Never trust user input. You should always attempt to filter what the user is sending you in a form. Solar comes with Solar_Filter class to help with this. There are two kinds of filters: 'validate' filters tell you if the user input as-is matches a known format, and 'sanitize' filters modify the user input in some fashion. Solar_Form lets you specify which Solar_Filter methods you want to apply to each element.
What if the user enters something besides an email address? It would be nice if we could get display a message if the data is not valid. We can do so using the Solar_Form::validate() method.
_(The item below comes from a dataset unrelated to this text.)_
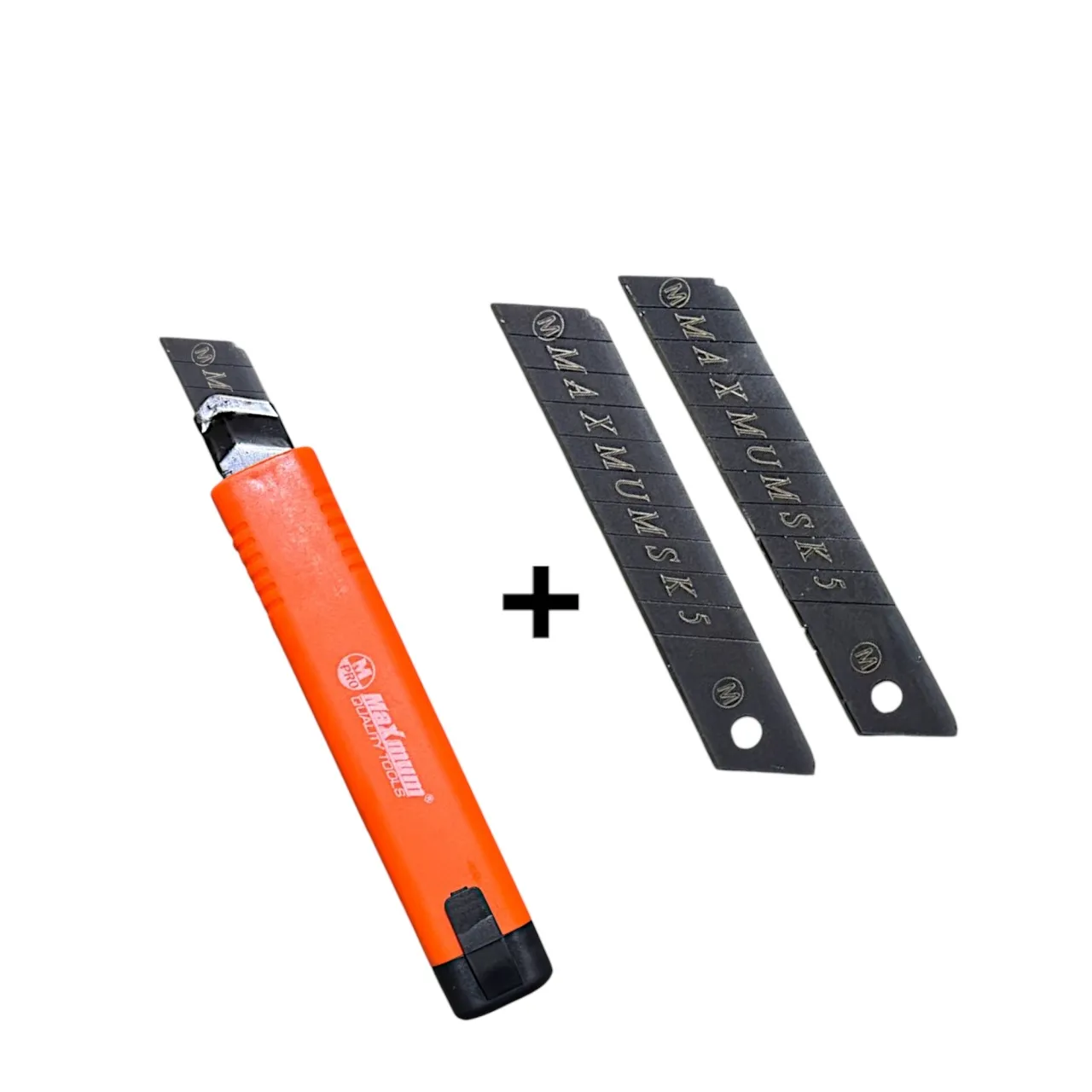 Стильный корпус из ABS пластика выпускается в 3 цветах и усилен металлической направляющей, а также отсеком для запаски и клипсой для подвеса. Общая длина ножа 160 мм, ширина 30 мм. Усиленный канцелярский нож поставляется с 2 чернеными лезвиями толщиной 0.6 мм, которые хранятся в специальном отсеке ножа.

First, we need to add a validation filter on the 'user_email' element. This just tells the form which Solar_Filter method to use; it does not perform the validation just yet.
<?php
// Set the "user_email" element
$form->setElement('user_email', array(
'type' => 'text',
'label' => 'Email Address:',
));
// add a validation filter on the element
$form->addFilter('user_email', 'validateEmail');
// add a validation filter wich requires parameters
$form->addFilter('user_email', array('validateMinLength', 6));
?>Then, after populating the form object with data, call the Solar_Form::validate() method.
<?php
// ... start Solar, create the form object, set elements,
// and then:
$form->populate();
$form->validate();
// ... create a Solar_View object, assign, and display.
?>Invalid user input (e.g., entering "not really email") will generate the following output. The feedback messages are added automatically when Solar_Form::validate() is called.
<!-- ... -->
<form action="/test/index.php" method="post" enctype="multipart/form-data">
<ul class="failure">
<li>Please correct the noted errors.<li>
</ul>
<dl>
<dt><label for="user_email">Email Address:</label></dt>
<dd>
<input type="text" id="user_email" name="user_email" value="not really email" />
<ul>
<li>Please enter a valid email address.</li>
</ul>
</dd>
<dt><label for="process">Action:</label></dt>
<dd><input type="submit" id="process" name="process" value="Save" />
</dl>
</form>
<!-- ... -->
If the user input is valid, when you display the form, the list-block above will be ...
<!-- ... -->
<ul class="success">
<li>Saved.</li>
</ul>The different "success" and "failure" CSS classes allow you to style feedback messages appropriately.
Sometimes we will want to process the user input in addition to validating it. What if the user had extra spaces before or after the email address? Those spaces will confuse the validation, even though it looks (to the user) like a valid address. For these and other cases, you can add a 'sanitize' filter to an element to indicate that the user input should be passed through a Solar_Filter method, removing anything that doesn't pass the filter.
For example, to trim spaces from the user input before validation, you can add this filter:
<?php
// Set the "user_email" element
$form->setElement('user_email', array(
'type' => 'text',
'label' => 'Email Address:',
));
// add a filter to trim spaces from the address
$form->addFilter('user_email', 'sanitizeTrim');
// *now* add a filter to validate it
$form->addFilter('user_email', 'validateEmail');
?>All filters are applied in order when you call Solar_Form::validate(), so you can mix and match sanitize filters with validate filters.